- **What is expected**
The goal is a clean copy of all the data below, with pictures dropped and everything else retyped exactly.

Data provided Block Start

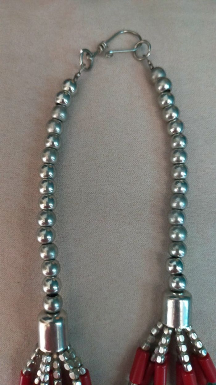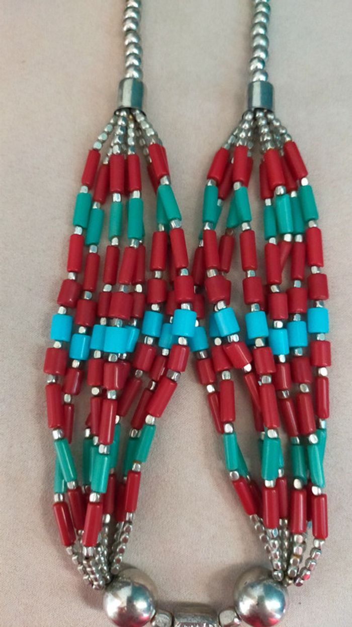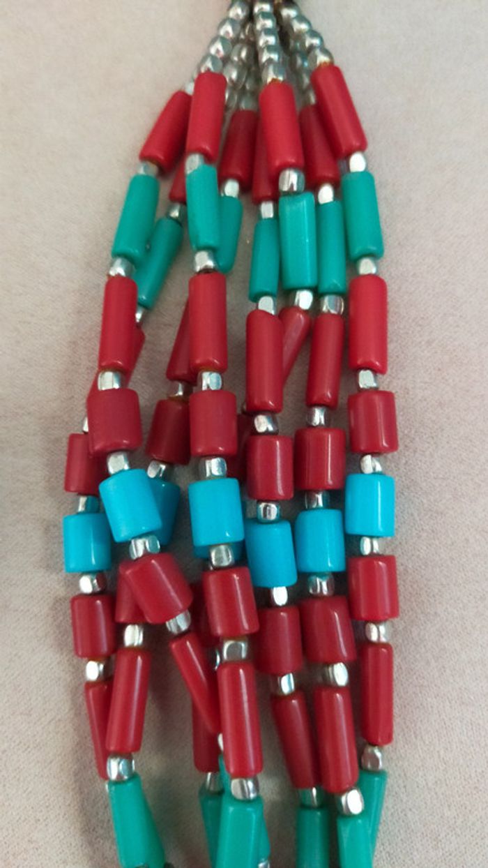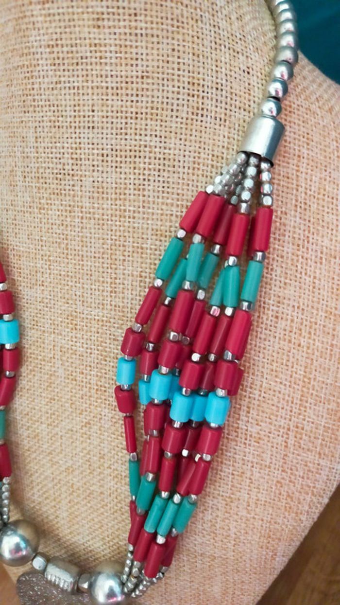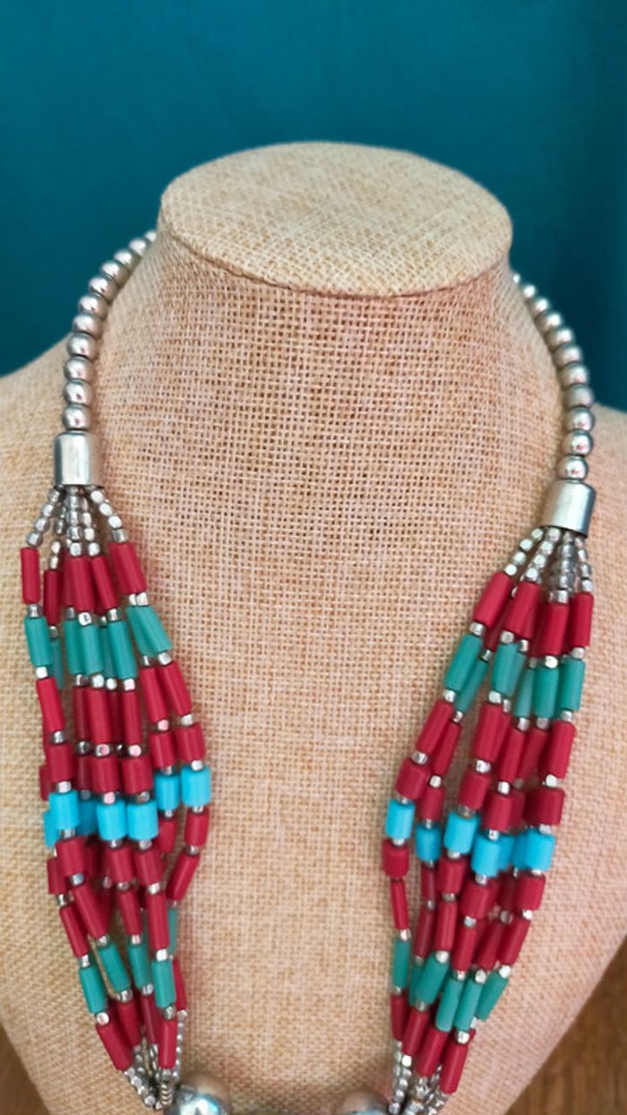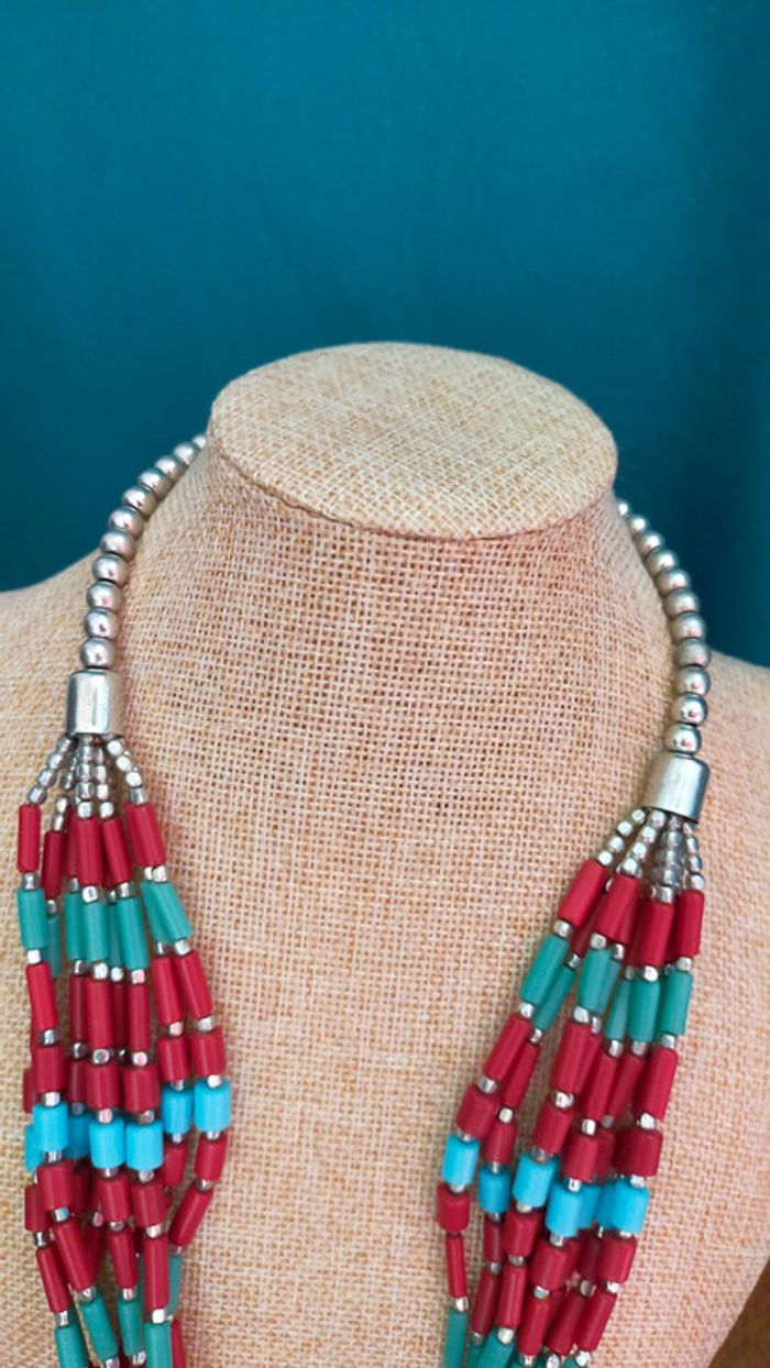 Collier vintage unique au style bohème-ethnique. Composé de multiples rangs de perles rouges, turquoises et vertes montées sur fil, il se termine par deux larges pendentifs ronds argentés martelés, apportant une touche artisanale très chic. Les perles en métal argenté ajoutent de la structure et de l’éclat. Fermoir crochet rétro. Pièce forte idéale pour sublimer une tenue sobre ou colorée. 🔹 Très bon état général. 🔹 Longueur approximative : 55 cm + pendentif 🔹 Bijou ancien, non signé, rare. 💡 Pièce originale qui rappelle les bijoux amérindiens ou mexicains revisités façon années 80. 📸 Photos contractuelles – vendu tel que présenté. 📦 Envoi rapide & soigné. 🎁 Possibilité d’envoi en lot ou petit bijou surprise pour les commandes multiples ! LBVIN2 #collier #colliervintage #bijouvintage #collierethnique #collierboheme #bijouoriginal #vintagestyle #statementnecklace #colliercoloré #perlesvintage #bijouretro #collierpendant #upcycledjewelry #modevintage #bijouancien
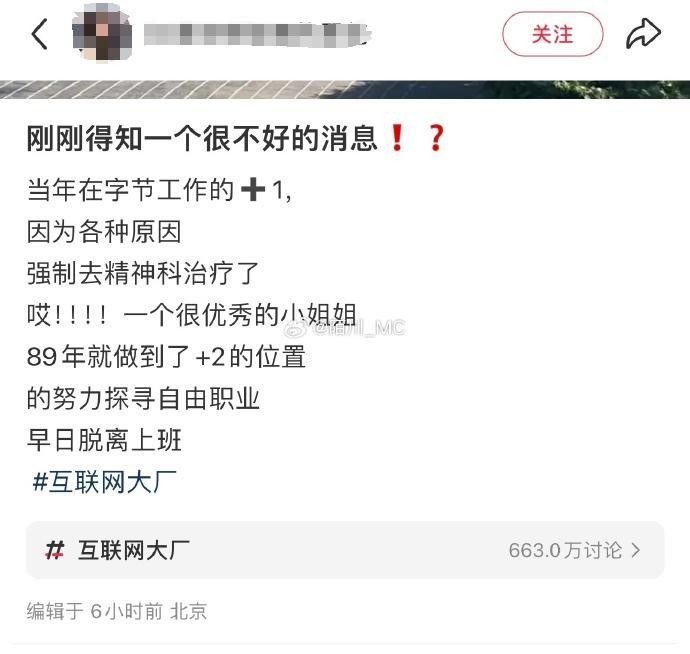 南财快讯·辟谣旋风队注意到,近日,有网友发布字节跳动工作压力大致员工精神不正常入院治疗等相关内容。
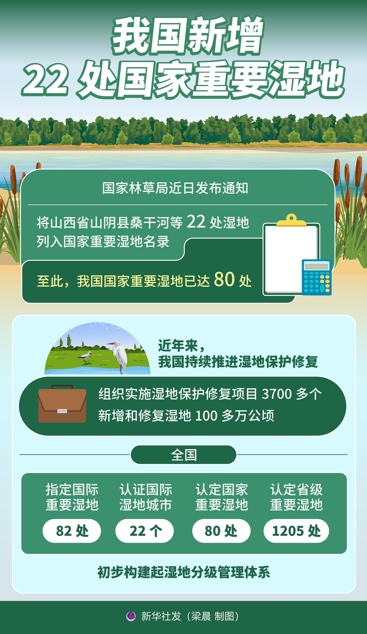 近年来,我国持续推进湿地保护修复,组织实施湿地保护修复项目3700多个,新增和修复湿地100多万公顷。全国共指定国际重要湿地82处、认证国际湿地城市22个、认定80处国家重要湿地和1205处省级重要湿地,初步构建起湿地分级管理体系。

Data provided Block End

- **Result below**
 Collier vintage unique au style bohème-ethnique. Composé de multiples rangs de perles rouges, turquoises et vertes montées sur fil, il se termine par deux larges pendentifs ronds argentés martelés, apportant une touche artisanale très chic. Les perles en métal argenté ajoutent de la structure et de l’éclat. Fermoir crochet rétro. Pièce forte idéale pour sublimer une tenue sobre ou colorée. 🔹 Très bon état général. 🔹 Longueur approximative : 55 cm + pendentif 🔹 Bijou ancien, non signé, rare. 💡 Pièce originale qui rappelle les bijoux amérindiens ou mexicains revisités façon années 80. 📸 Photos contractuelles – vendu tel que présenté. 📦 Envoi rapide & soigné. 🎁 Possibilité d’envoi en lot ou petit bijou surprise pour les commandes multiples ! LBVIN2 #collier #colliervintage #bijouvintage #collierethnique #collierboheme #bijouoriginal #vintagestyle #statementnecklace #colliercoloré #perlesvintage #bijouretro #collierpendant #upcycledjewelry #modevintage #bijouancien
 南财快讯·辟谣旋风队注意到,近日,有网友发布字节跳动工作压力大致员工精神不正常入院治疗等相关内容。
 近年来,我国持续推进湿地保护修复,组织实施湿地保护修复项目3700多个,新增和修复湿地100多万公顷。全国共指定国际重要湿地82处、认证国际湿地城市22个、认定80处国家重要湿地和1205处省级重要湿地,初步构建起湿地分级管理体系。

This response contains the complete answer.